Hırvat Ulusal Tiyatrosu
Split'teki Ulusal Tiyatro 19. yüzyılın sonunda kuruldu. Yerel mimarlar Ante Bezic ve Emil Vecietti tarafından tasarlanan bir bina, özellikle tura gelen topluluklar için inşa edildi. Gösteri aynı anda 1000 kişi tarafından izlenebildi ve Split tiyatrosu o zamanlar Güneydoğu Avrupa'nın en büyüğü olarak kabul edildi.
İlk profesyonel topluluk 1920'de Split'te ortaya çıktı. Aynı zamanda bina yenilendi ve kısmen yeniden inşa edildi. 1970 yılında bir yangın binaya ciddi şekilde zarar verdi, ancak birkaç yıl sonra restore edilen tiyatro yılda 120.000'e kadar seyirci alabildi. Sahnesinde her sezon yaklaşık 300 performans sergileniyor ve yaz aylarında tiyatro, Split Summer ve Marulich Days festivalleri çerçevesinde konukların performanslarına sahne oluyor.
Şehir Müzesi
Split'in eski merkezinin kuzeydoğu kesiminde, birkaç yüzyıl boyunca şehrin en saygınlarından biri olan Papalık ailesinin özel koleksiyonuna dayanan küçük bir müze bulacaksınız. Uzun yıllar boyunca Papalık ailesinin üyeleri, Roma İmparatorluğu döneminden beri Dalmaçya topraklarında hayatta kalan sanat objelerini, arkeolojik nadir bulunanları ve antik heykel ve anıt parçalarını topladılar.

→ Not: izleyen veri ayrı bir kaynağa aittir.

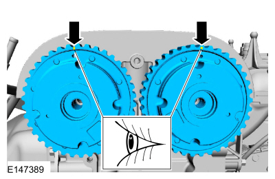 NOTE: It may be necessary to use an open-ended wrench to turn the camshafts by the hexagon to align the camshafts.

Müze, Papalık ailesinin yaşadığı küçük bir konakta yer almaktadır. Sergiler arasında, bir zamanlar Orta Çağ'da Jüpiter Tapınağı'na eklenen çan kulesini süsleyen antik sikkeler ve heykeller bulacaksınız. Stantlarda antik haritalar, şehir yönetimi belgeleri, mühürler ve el yazmaları sergileniyor. Birkaç oda resme adanmıştır ve içlerinde Split'te ve Hırvatistan'ın diğer şehirlerinde yaşayan sanatçıların tuvallerine bakabilirsiniz.
Denizcilik Müzesi
Split'te en çok ziyaret edilen müzelerden biri 1925'te kuruldu. Ana teması deniz ve onunla bağlantılı her şey. Adriyatik kıyısında yer alan Split'te, denizcilik ve balıkçılık çok eski zamanlardan beri yerel sakinlerin başlıca uğraşları olmuştur ve bir müze sergisi denizcilik tarihinin izini sürmeye yardımcı olur.

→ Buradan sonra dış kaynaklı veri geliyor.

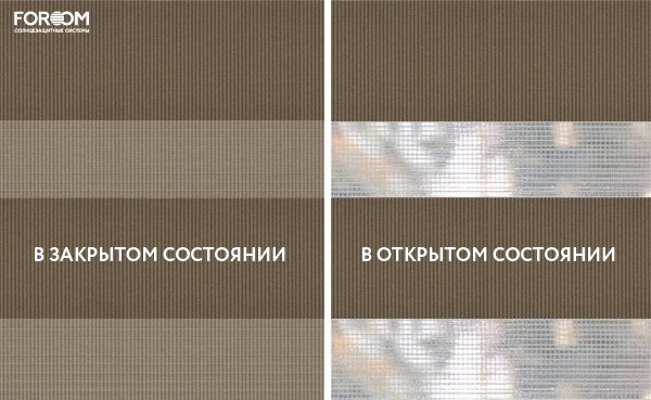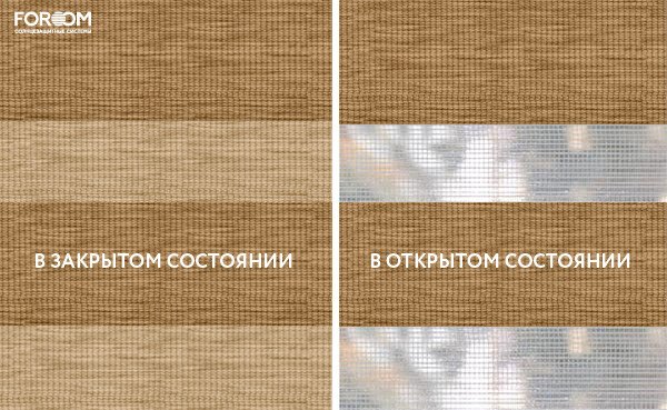 Каждый слой ткани имеет чередующиеся непрозрачные и прозрачные полосы. При смещении полос друг относительно друга можно добиться полного затемнения («ночь», когда непрозрачные полосы совпадают), максимального светопропускания («день», когда совпадают прозрачные полосы) или промежуточных режимов, создавая эффект «зебра».

Denizcilik Müzesi, 17. yüzyılın ortalarında inşa edilen Gripe kalesinin topraklarında yer almaktadır. Koleksiyon için iki salona ayrılmış bir katın tamamı ayrıldı. İlki, sivil deniz seyrüseferine adanmış sergiler içeriyor ve ikincisi, ziyaretçileri Hırvat deniz kuvvetlerinin gelişimiyle tanıştırıyor.
Serginin öne çıkan özelliği, dünyanın en eski örneklerini içeren bir torpido koleksiyonu. Stantlarda ayrıca eski deniz haritalarını, seyir aletlerini, deniz formunu ve çapaları da göreceksiniz.
etnografya müzesi
1910 yılında kurulan Split Etnografya Müzesi'nin sergisi, bugün Halk Meydanı'ndaki eski Belediye Binası binasında bulunuyor. XIV yüzyılda inşa edilmiştir. Gotik tarzda, konak Dalmaçya'daki en güzel binalardan biri olarak adlandırılır.
Bölgenin farklı bölgelerinde toplanan koleksiyon, ziyaretçilere Dalmaçya'nın el sanatları ve halk el sanatları, Hırvatistan kültürü ve Güneydoğu Avrupa tarihi hakkında bilgi veriyor. Diğer şeylerin yanı sıra, sergi stantları, Dalmaçya sakinlerinin halk kıyafetlerini ve süslemelerini, ustaların kendi başyapıtlarını yarattığı araçları, araçlarını sergiliyor. Tezgahlar, mücevher aletleri, çömlek çarkları, doğrama ve marangozluk aletleri göreceksiniz.
Şehir sakinlerinin evlerinin iç mekanları için seçenekler sunan fuarın bir kısmı özel ilgiyi hak ediyor. Atmosfer, 19. yüzyılın ikinci yarısı için tipiktir. ve yirminci yüzyılın başlangıcı, o yılların hakiki mobilyalarından, ev eşyalarından, tekstillerinden ve sofra takımlarından yeniden yaratıldı.